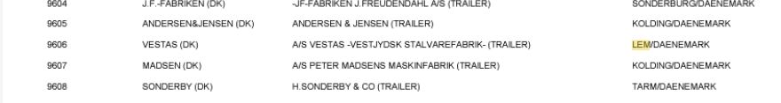 Die Firma Vestas ist die Schlüsselnummer 9606 zugeordnet und hat ihren Sitz in Lem (Dänemark). Der Anhänger sollte sich in folgender Datei wiederfinden:
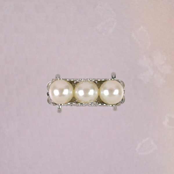 パールを3粒あしらった控えめですがパールの輝きが華やかな帯留めです。帯留め紐とほぼ同じ幅の帯飾りですので、スッキリとした上品な仕上がりに!帯留めをプラスするだけで、いつもと違ったコーディネートを楽しんでいただけます。
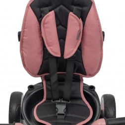 A puhán párnázott ülés ötpontos biztonsági övvel 360°-ban forgatható és állítható előre-hátra, így a pedálok ideális elérése biztosított. A gyermek menetiránnyal szemben és menetirányban is utazhat.

**YOUR GOAL:**
Retype the data exactly; images stay out.

**TASK ANSWER:**
 Die Firma Vestas ist die Schlüsselnummer 9606 zugeordnet und hat ihren Sitz in Lem (Dänemark). Der Anhänger sollte sich in folgender Datei wiederfinden:
 パールを3粒あしらった控えめですがパールの輝きが華やかな帯留めです。帯留め紐とほぼ同じ幅の帯飾りですので、スッキリとした上品な仕上がりに!帯留めをプラスするだけで、いつもと違ったコーディネートを楽しんでいただけます。
 A puhán párnázott ülés ötpontos biztonsági övvel 360°-ban forgatható és állítható előre-hátra, így a pedálok ideális elérése biztosított. A gyermek menetiránnyal szemben és menetirányban is utazhat.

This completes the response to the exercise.